We run containers with JVM stack size options of 2040 KB, 1024 KB and 512 KB:

$ docker run -m 2g --memory-swap 2g --rm -d -e JAVA_OPTS="-Xss2040k -XX:MaxRAMPercentage=75" --name J17_2040k memoryfiller:java17 1000 100 250
$ docker run -m 2g --memory-swap 2g --rm -d -e JAVA_OPTS="-Xss1024k -XX:MaxRAMPercentage=75" --name J17_1024k memoryfiller:java17 1000 100 250
$ docker run -m 2g --memory-swap 2g --rm -d -e JAVA_OPTS="-Xss512k  -XX:MaxRAMPercentage=75" --name J17_512k  memoryfiller:java17 1000 100 250

Docker arguments used:

     
-m 2g : Limit container memory to 2 GB
--memory-swap 2g : Prevent container from using swap memory
-XX:MaxRAMPercentage=75 : Limit JVM heap to 75% of container memory

Excessive memory usage on MacOS

We see a high memory usage reported by ‘docker stats’ on container with 2040 KB stack size:

  NAME        CPU %     MEM USAGE / LIMIT    MEM %       PIDS
  J17_512k    0.25%     315.1MiB  / 2GiB     15.38%      1019
  J17_1024k   0.25%     309.4MiB  / 2GiB     15.11%      1019
  J17_2040k   0.17%     1.967GiB  / 2GiB     98.33%      1019

Memory usage increases dramatically for stack sizes larger than 1024 KB.

This anomaly only shows up on containers running on MacOS (both ARM64 and x86_64 architectures), with LTS Java versions 17 and below.

Linux is unaffected, as is Java 21.

Increasing number of threads

Lastly, we will find the maximum number of threads that can be run in a container with different stack size configurations.

docker run -m 2g --memory-swap 2g --rm -d -e JAVA_OPTS="-Xss1024k -XX:MaxRAMPercentage=75" --name J17_2040k memoryfiller:java17 7000 100 250

On MacOS with default stack size (2040 KB), container gets killed by Docker after ~1050 threads.

With a decreased JVM stack size of 1024 KB (-Xss1024k option), we can go up to ~7100 threads.

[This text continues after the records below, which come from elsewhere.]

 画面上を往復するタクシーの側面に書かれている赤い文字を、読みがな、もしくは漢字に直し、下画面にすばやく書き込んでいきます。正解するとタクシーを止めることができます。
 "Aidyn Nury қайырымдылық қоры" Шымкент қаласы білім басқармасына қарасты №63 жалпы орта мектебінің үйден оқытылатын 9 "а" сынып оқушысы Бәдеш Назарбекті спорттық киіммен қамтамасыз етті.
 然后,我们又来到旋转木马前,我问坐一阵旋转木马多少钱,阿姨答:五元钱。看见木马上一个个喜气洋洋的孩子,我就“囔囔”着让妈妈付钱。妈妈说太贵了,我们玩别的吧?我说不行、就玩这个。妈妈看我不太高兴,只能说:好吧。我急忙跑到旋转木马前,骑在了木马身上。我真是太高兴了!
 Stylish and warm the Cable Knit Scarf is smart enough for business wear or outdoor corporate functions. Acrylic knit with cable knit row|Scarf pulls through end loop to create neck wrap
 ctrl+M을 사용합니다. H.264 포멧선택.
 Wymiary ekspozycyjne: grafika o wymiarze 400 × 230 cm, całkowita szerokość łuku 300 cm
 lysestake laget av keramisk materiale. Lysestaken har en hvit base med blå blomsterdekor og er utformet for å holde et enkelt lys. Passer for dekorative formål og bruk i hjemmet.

Further reducing the stack size does not have an impact.

Like the previous test, this only occurs on MacOS, with LTS Java versions 17 and below.

Conclusion

  • JVM Stack size option ‘-Xss’ determines how much virtual memory is reserved per thread. Since actual memory allocation occurs dynamically, this does not affect total memory usage, or scalability, besides the minimum effect of mapping table size, but,

  • Significant high memory usage has been observed on Java versions 8 - 17 running in a container on MacOs, when the stack size is set more than 1024 KB.

  • The default stack size on ARM64 architecture being twice of X86 architecture result in Macs with Apple Silicon encountering the mentioned high memory consumption issue with the default JVM configuration.

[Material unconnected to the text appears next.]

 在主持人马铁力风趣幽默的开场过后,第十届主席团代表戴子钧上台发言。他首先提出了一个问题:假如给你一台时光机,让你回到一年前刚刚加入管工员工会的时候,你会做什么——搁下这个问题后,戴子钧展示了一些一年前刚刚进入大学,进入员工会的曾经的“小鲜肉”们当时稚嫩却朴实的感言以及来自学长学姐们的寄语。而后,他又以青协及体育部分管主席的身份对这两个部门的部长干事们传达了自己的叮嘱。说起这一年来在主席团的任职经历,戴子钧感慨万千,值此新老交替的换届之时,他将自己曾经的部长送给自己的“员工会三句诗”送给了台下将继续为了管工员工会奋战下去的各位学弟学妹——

  • Java 8 and Java 17 on MacOS allocates memory less efficiently than Java 17 and 21, the difference is bigger on Java 8 NMT reports are here.

Only a few services require more than 1024 KB of stack, with Elasticsearch being one of them. Using Java 21 or applying -Xss1024k argument will lower the memory consumption of containers.